The eyes of most living things are particularly sensitive to movement .... so in a large field of spinning objects the proximate one gets "lost" in the pattern.  It looks like everything else.   Our eyes also play ticks on us.  Think of a custom wheel on a car or bike, as it passes by, it often appears as if it is not rotating or even going backwards.  The key here, one would expect, is not the color at all ... it is the disturbance of the pattern.     Having ONE black blade and TWO white blades .... where the black blade is at 12:00 o'clock on one it will be 12:25 on the next one, 12:52 on the next one .... this makes the closer structures "stand out" from the surrounding pattern.

And it must be understood that bird deaths from power line collisions are 100 times greater than deaths from wind turbines.  From the study, at a small wind  farm (40m blades)  ... bird deaths averaged 0.75 bird deaths per turbine per year [18 birds / ( 6 years x 4 turbines)] .    The control group had 0.29 deaths per turbine per year deaths [7 x  / ( 6 years x 4 turbines)].  There is no explanation about what was difference  between the two groups that resulted in the test group having 2.59 times more deaths.

Test Group = (18 birds  / ( 6 years x 4 turbines)] = 0.75 deaths per year
Control Group = 7birds  / (3 years x 4 turbines)] = 0.29  deaths per year

The original test group has one blade painted black ... and the test period was 3 years:

Test Group = (6 birds  / ( 3 years x 4 turbines)] = 0.5 deaths per year
Control Group = (18 birds  / ( 3 years x 4 turbines)] = 1.5 deaths per year

The 71.9% conclusion ?????   Bogus  ?

The test group went from 0.75 deaths per year to to 0.50 deaths per year ... a 33% reduction
The control group went from 0.29 deaths per year to to 1.50 deaths per year ... a 417% increase

Now an argument could be made that the last 3 years had an increase in bird population .  If  the control group had an increase from 7 to 18 (2.57 times). the  ... again the argument could be made, ... the the original test group would have lost 46 birds.  By losing only 6 the calculation would be an 87% reduction.  The problem ...

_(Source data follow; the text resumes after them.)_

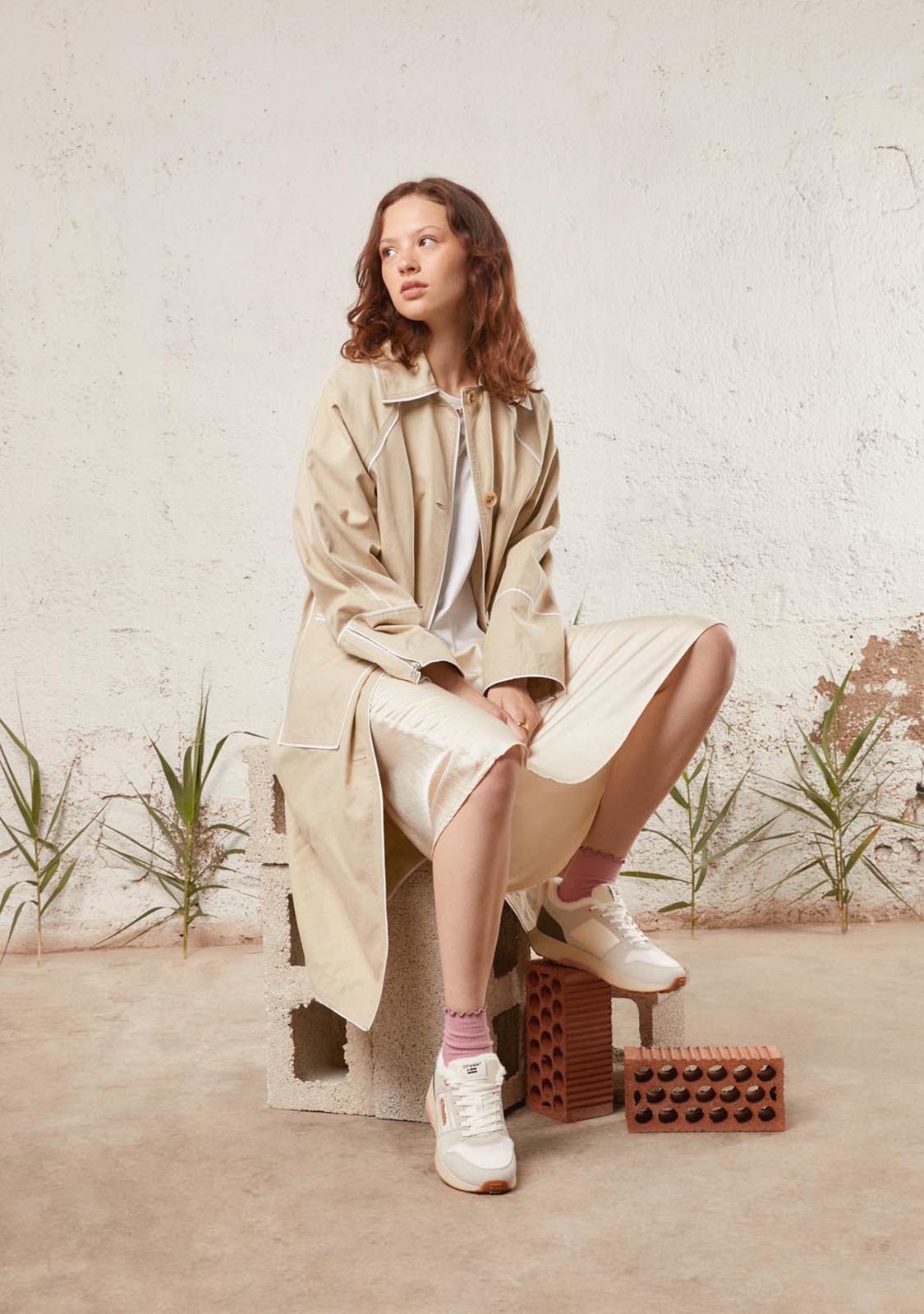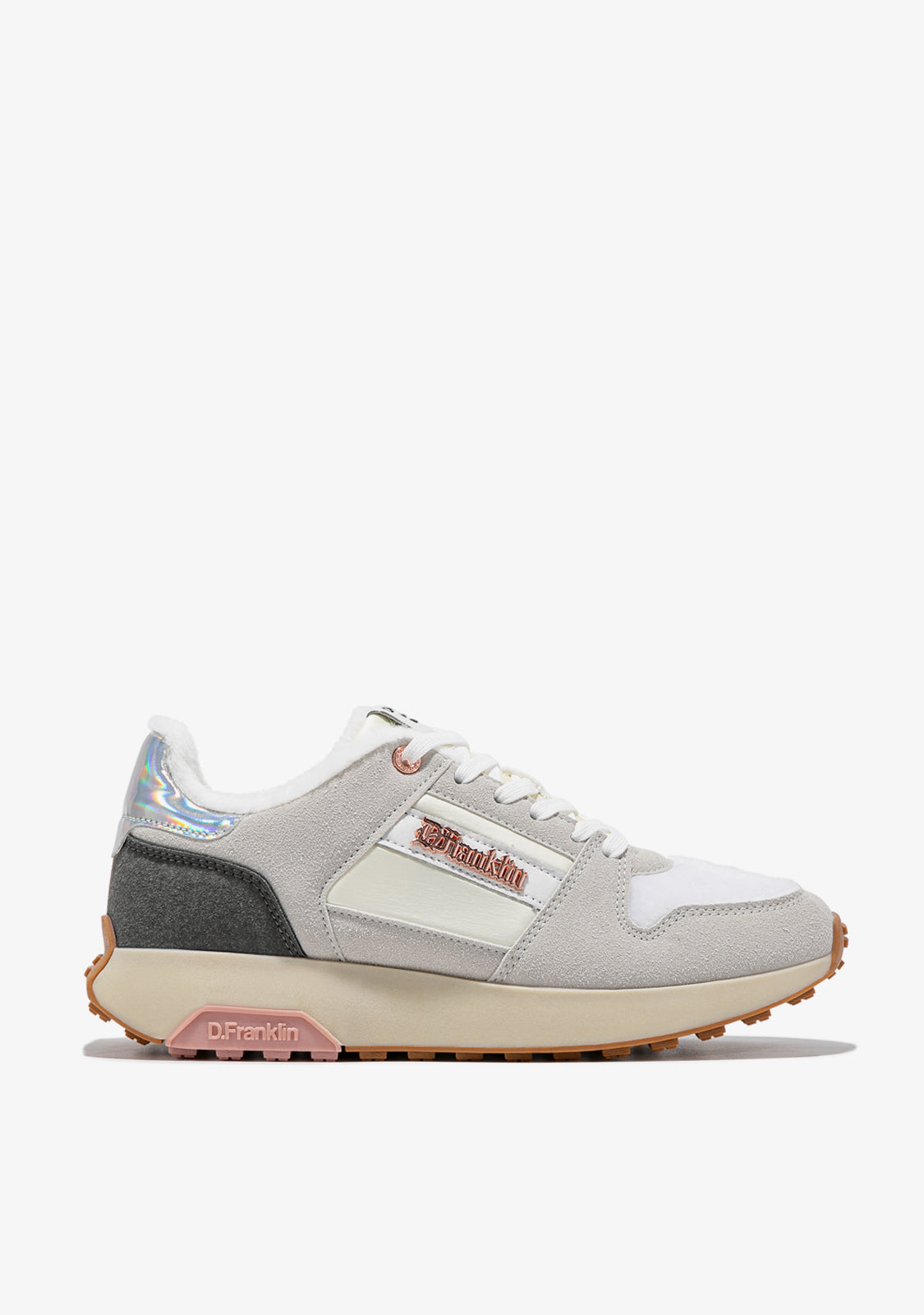 Este modelo combina a simplicidade dos tons neutros num design que se destaca pela sua unicidade. Apresenta a marca D.Franklin na lateral e atacadores de algodão para um ajuste perfeito. Também possui uma sola de dupla densidade. A primeira é feita de materiais reciclados para um piso confortável e leve e a segunda é estampada para tração.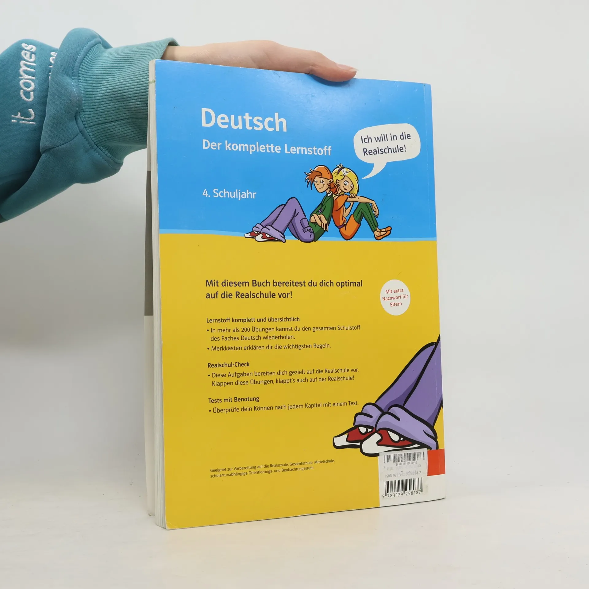 Mit vorliegender Lernhilfe kann der Schüler den gesamten Stoff der 4. Klasse wiederholen oder wahlweise die Themen trainieren, in denen er sich verbessern möchte. Der Band enthält die Gebiete Rechtschreibung, Grammatik, Texte verfassen und Texten Informationen entnehmen. Es werden zahlreiche Übungen angeboten, nach jedem Kapitel ein Test, die Lösungen in einem separaten Lösungsheft. Das Besondere: Eingefügt ist immer wieder ein Realschul-Check, der gezielt auf die Anforderungen in der Realschule vorbereitet. Neben den zahlreich angebotenen Lernhilfen für Klasse 4 überall einzusetzen. . - In mehr als 200 Übungen kann der gesamte Stoff für Klasse 4 im Fach Deutsch wiederholt werden. Mit Realschul-Check und separatem Lösungsheft.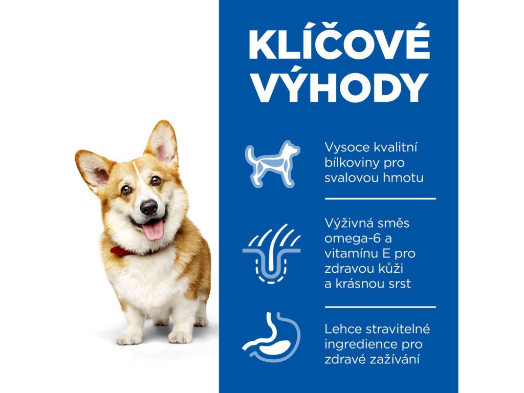 Malá velikost, velká dávka lásky. Hill's Science Plan krmivo pro malé a trpasličí dospělé psy s kuřetem je vytvořeno speciálně pro specifické potřeby malých a trpasličích psů během nejlepších let života. Nejmenší velikost granulí.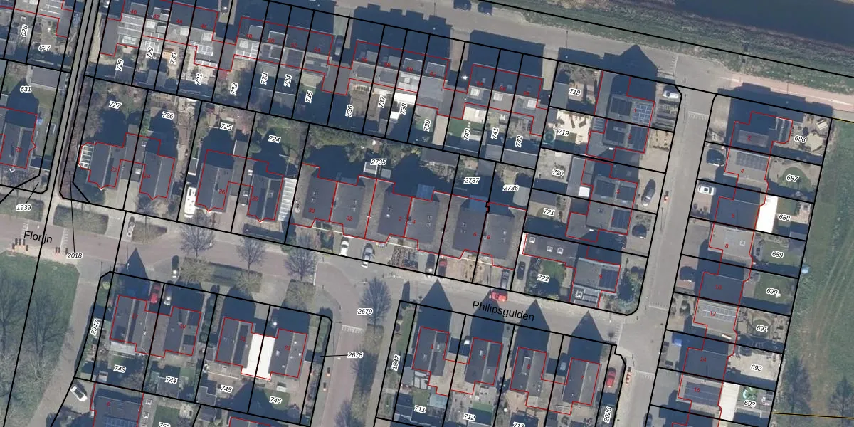 Het perceel waarop Philipsgulden 4 staat heeft een oppervlakte van 1040 m². Dit is een zeer groot perceel. De perceeloppervlakte wordt geregistreerd door het Kadaster. Gedetailleerde informatie over de maten van dit perceel kunt u vinden in het rapport Kadastrale kaart met maatvoering van Philipsgulden 4.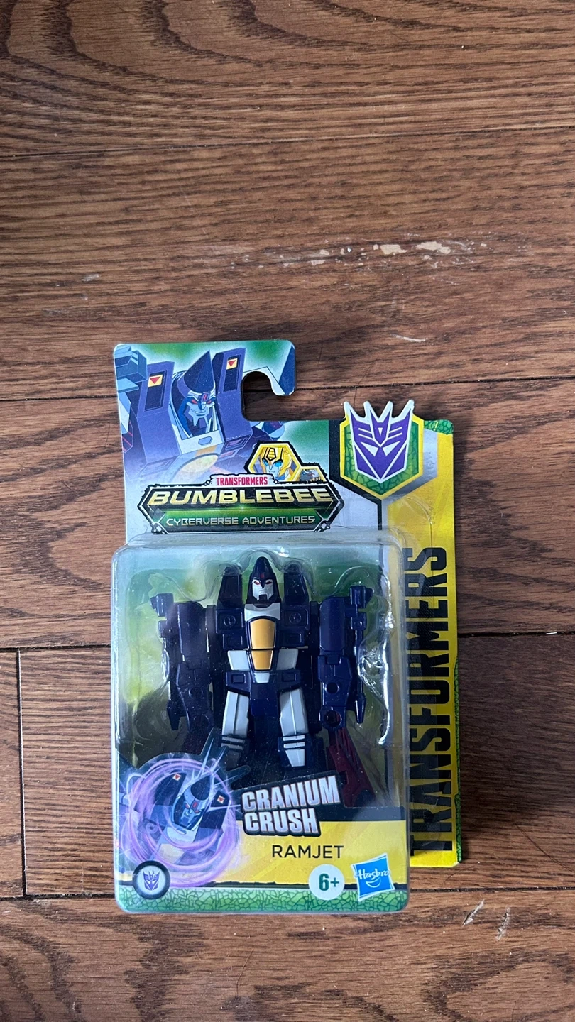 This is a Transformers Bumblebee Cyberverse Adventures action figure. It features Ramjet from the Cranium Crush line. Recommended for ages 6 and up.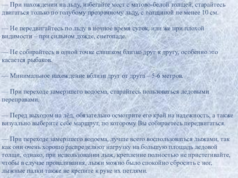 — При нахождении на льду, избегайте мест с матово-белой толщей, старайтесь двигаться только по голубому прозрачному льду,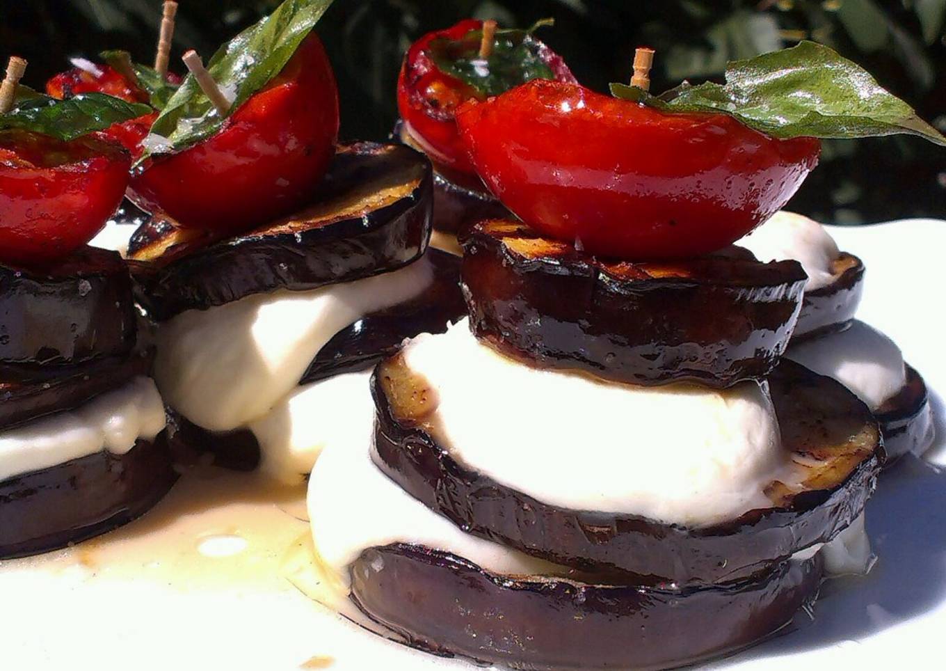 Otra versión del plato italiano, para servir de manera individual. Y más rápido de elaborar. Las cantidades son a ojo. Teniendo en cuenta poner 3 rodajas de berenjena y media cherry para cada pincho.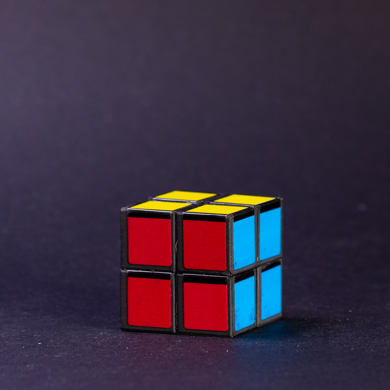 Each cube has different colored sides and the goal is to find the right combination so that the 2x2x2 cube has only one color on each side.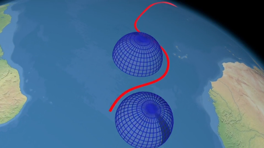 Screenshot from Vladimir Putin's 2018 presentation unveiling the Burevestnik, illustrating its ability to evade maritime missile defenses.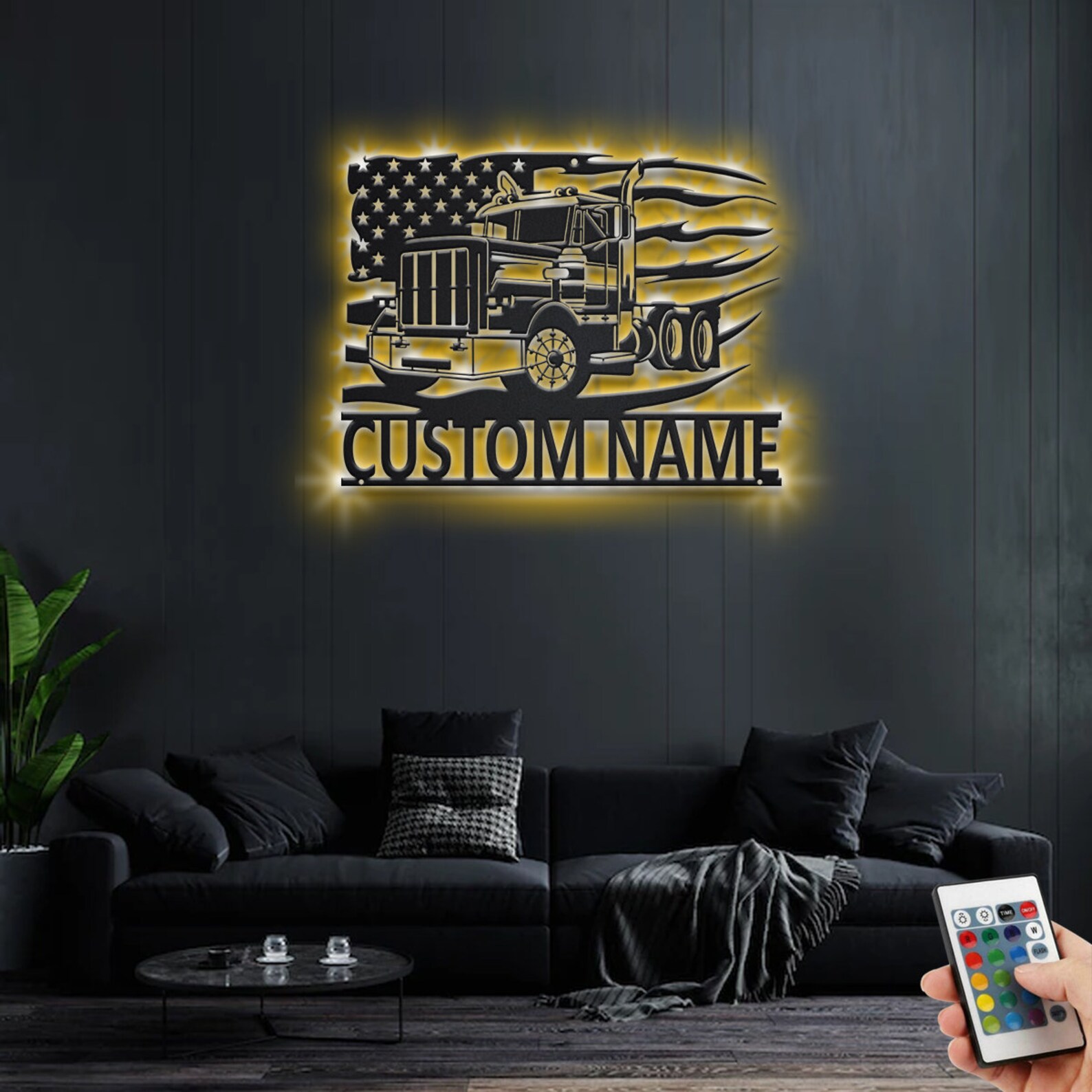 Custom US Semi Truck Metal Sign with LED – Room Decoration

What was different about the control group that made it different than the test group over the 1st 6 years ?
Was temperature, visibility, bird population, changes in migratory patterns and dates, factored in ?
The small sample size is not statistically significant
Why did the control group have 2.57  more deaths in the 2nd test when it was only half as long ?
Were the test and control groups situated the same geographically " What was it that during spring and autumn, fewer bird deaths were recorded at the painted turbines. But in summer, bird deaths actually increased at the painted turbines ?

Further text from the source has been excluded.